Grievances of most of the soldiers identified by the two probe committees as primary reasons for the rebellion have been overlooked.
Both the probe bodies recommended reorganisation of the paramilitary force and the government has already reformed the BDR renaming it Border Guard Bangladesh and changed its uniforms.
The Border Guard Bangladesh Act 2010 was also enacted on December 6, 2010 for the border guards repealing the Bangladesh Rifles Order 1972 and raising the maximum punishment of the force personnel on mutiny charges from seven-year imprisonment to death penalty without any scope for appeal to any civil court or the Supreme Court.
The government has reformed the border guards without addressing the demands and grievances of the soldiers.
The army’s court of inquiry identified a dozen reasons, including grievances and misunderstanding of the soldiers, for the rebellion.
Reasons for the rebellion as identified in the report includes wrong impression about the facilities of the army, lack of transparency in establishing and running BDR shops, delay in payment of duty allowances for the 2008 national elections, misunderstanding about lease and contracts of different works in the BDR headquarters, irregularities in admission to schools in the headquarters and wrong impression about the BDR’s director general Shakil Ahmed, his wife Nazneen Shakil and Dhaka sector commander Mujubul Haque’s alleged involvement in irregularities, and delay made by the home and finance ministries in resolving BDR problems.
The investigation committee instituted by the home ministry found that discontent among the BDR soldiers about their commanding officers deputed from the army had been latent for long.
It recommended that a balance should be struck in the facilities for the military, paramilitary and law enforcement agencies.
The home secretary, Abdus Sobhan Sikder, said the government had started taking measures in line with the recommendations of the investigation committee.
‘The grievances identified by the committee as primary reason for the carnage, including their promotion, have been addressed in the new law…The BDR has been reformed in line with the probe committee report,’ he told New Age on Thursday.
After the mutiny, the government has increased the amount of rations for BDR soldiers to 100 per cent from 60 per cent.

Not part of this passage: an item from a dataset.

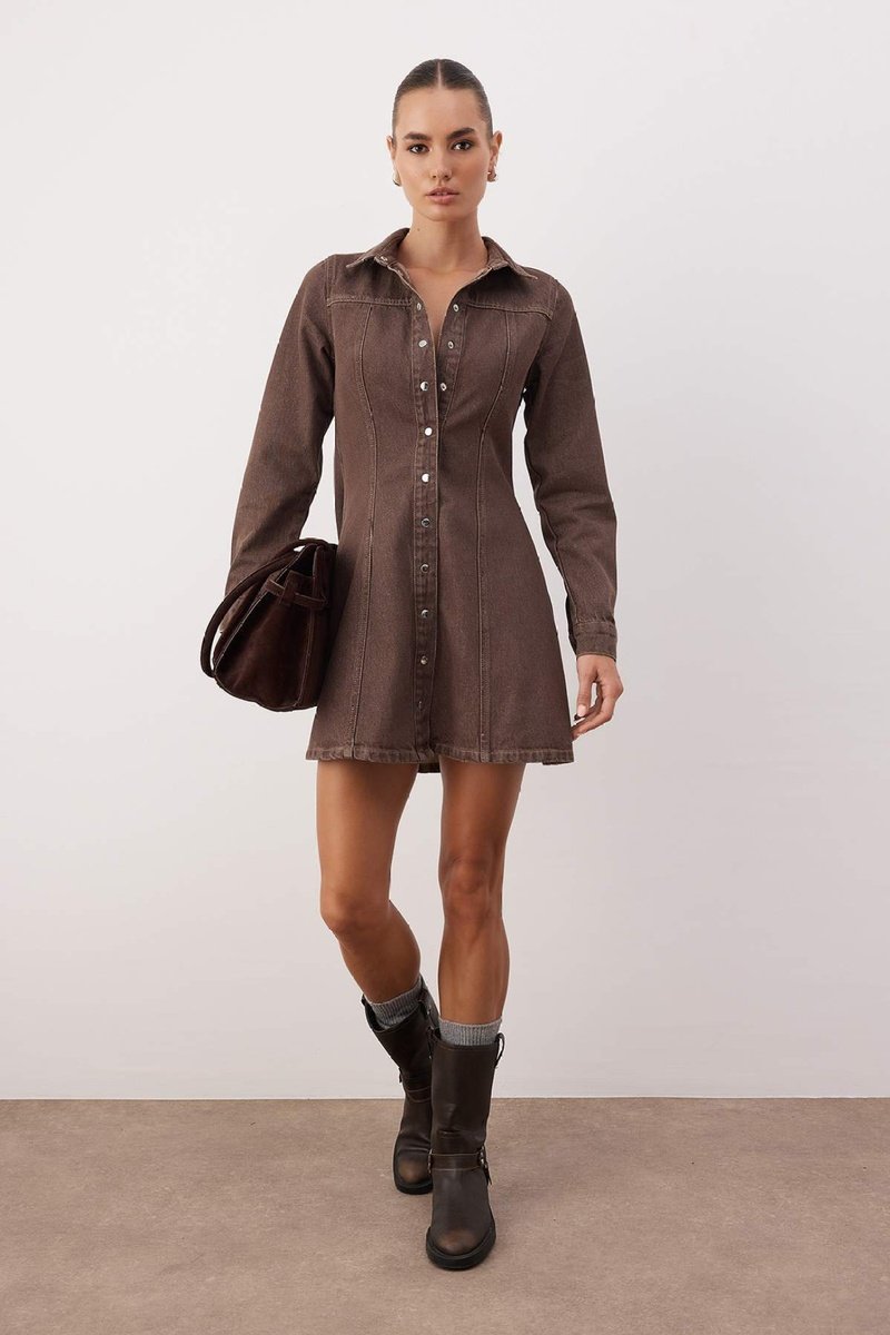Abito a camicia in jeans - Marrone

‘The committee has identified the soldiers’ grievances and their demand for increased allowances as the primary reasons for the mutiny… Besides, Dal Bhat Programme, punishments meted out to soldiers, irregularities in running BDR shops and schools and luxurious living of officers fuelled the discontent,’ Anis-uz-Zaman said when he disclosed the report to the media on May 27, 2009.

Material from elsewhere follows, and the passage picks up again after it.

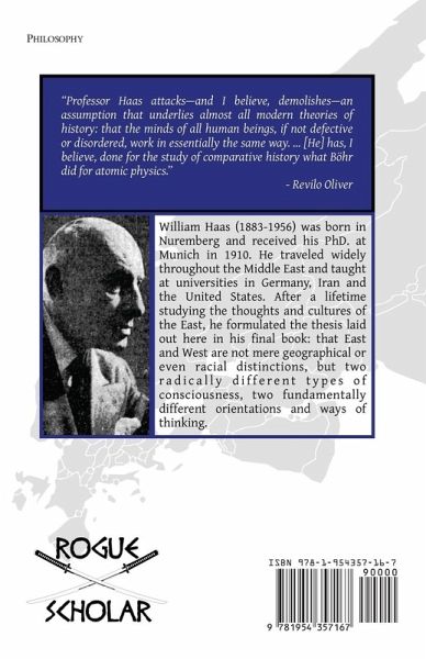 William Haas (1883-1956) was born in Nuremberg and received his PhD. at Munich in 1910. He traveled widely throughout the Middle East and taught at universities in Germany, Iran and the United States. After a lifetime studying the thoughts and cultures of the East, he formulated the thesis laid out here in his final book: that East and West are not mere geographical or even racial distinctions, but two radically different types of consciousness, two fundamentally different orientations and ways of thinking. "Professor Haas attacks-and I believe, demolishes-an assumption that underlies almost all modern theories of history: that the minds of all human beings, if not defective or disordered, work in essentially the same way. ... [He] has, I believe, done for the study of comparative history what Böhr did for atomic physics." - Revilo Oliver

The committee found that the grievances the BDR soldiers had harboured against their commanding officers from the army were the immediate reason for the rebellion and hinted that the players behind the scenes might have pulled the strings capitalising on the discontent to destabilise the country in a planned manner.
It, however, could not establish the real cause and motive for the carnage and suggested further investigations to identify the plotters. The committee suggested revision of the service tenure of the BDR soldiers in line with that of the army.
The government investigation committee said that a group of BDR soldiers had met a number of politicians before the mutiny taking up with them their demands that included 100 per cent rations, increase in border allowance, recruitment of cadre officers for the BDR, revision of its pay structure in line with that of the army and sending BDR soldiers to UN peacekeeping missions.
The committee, among others, suggested formation of a central intelligence coordination committee and reallocation of businesses for the intelligence agencies as long-term measures.